▶ Your task: Leave the pictures behind and reproduce every line of the listing exactly.

▶ Collected material:
☆ ☆ ☆ ☆ ☆ ☆ ☆

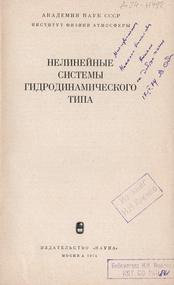Нелинейные системы гидродинамического типа / Акад. наук СССР, Ин-т физики атмосферы; ред. А.М.Обухов. - М.: Наука, 1974. - 160 с.
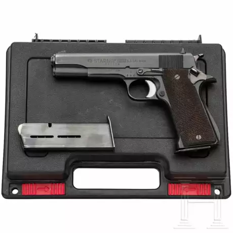 Cal. 9mmBergmBayard, SN. 473122, leicht rauer Lauf, Länge 130 mm. Achtschüssig. Beschuss "C1" = 1957". Kontrastvisier. Ladeanzeiger. Links am Schlitten Firmierung mit Kaliber, rechts "MODELO SUPER", am Knauf "Super". Vollständige, originale Brünierung. Auszieher gelb angelassen. Hahn buntgehärtet. Dunkelbraune Holzgriffschalen mit Fischhaut. Magazin und Ersatzmagazin in Kunststoffbox.
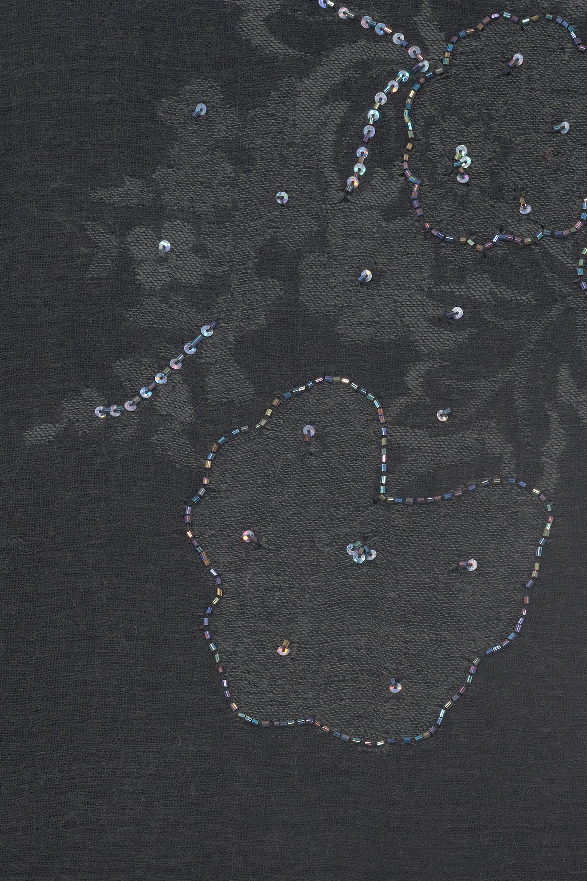 ROSETTA SCARF WITH LARGE BLACK FLOWERS EMBROIDERED WITH MULTICOLORED SEQUINS, FOR A TOUCH OF FANCY ELEGANCE. 100% WOOL.

☆ ☆ ☆ ☆ ☆ ☆ ☆

▶ Expected answer:
Нелинейные системы гидродинамического типа / Акад. наук СССР, Ин-т физики атмосферы; ред. А.М.Обухов. - М.: Наука, 1974. - 160 с.
 Cal. 9mmBergmBayard, SN. 473122, leicht rauer Lauf, Länge 130 mm. Achtschüssig. Beschuss "C1" = 1957". Kontrastvisier. Ladeanzeiger. Links am Schlitten Firmierung mit Kaliber, rechts "MODELO SUPER", am Knauf "Super". Vollständige, originale Brünierung. Auszieher gelb angelassen. Hahn buntgehärtet. Dunkelbraune Holzgriffschalen mit Fischhaut. Magazin und Ersatzmagazin in Kunststoffbox.
 ROSETTA SCARF WITH LARGE BLACK FLOWERS EMBROIDERED WITH MULTICOLORED SEQUINS, FOR A TOUCH OF FANCY ELEGANCE. 100% WOOL.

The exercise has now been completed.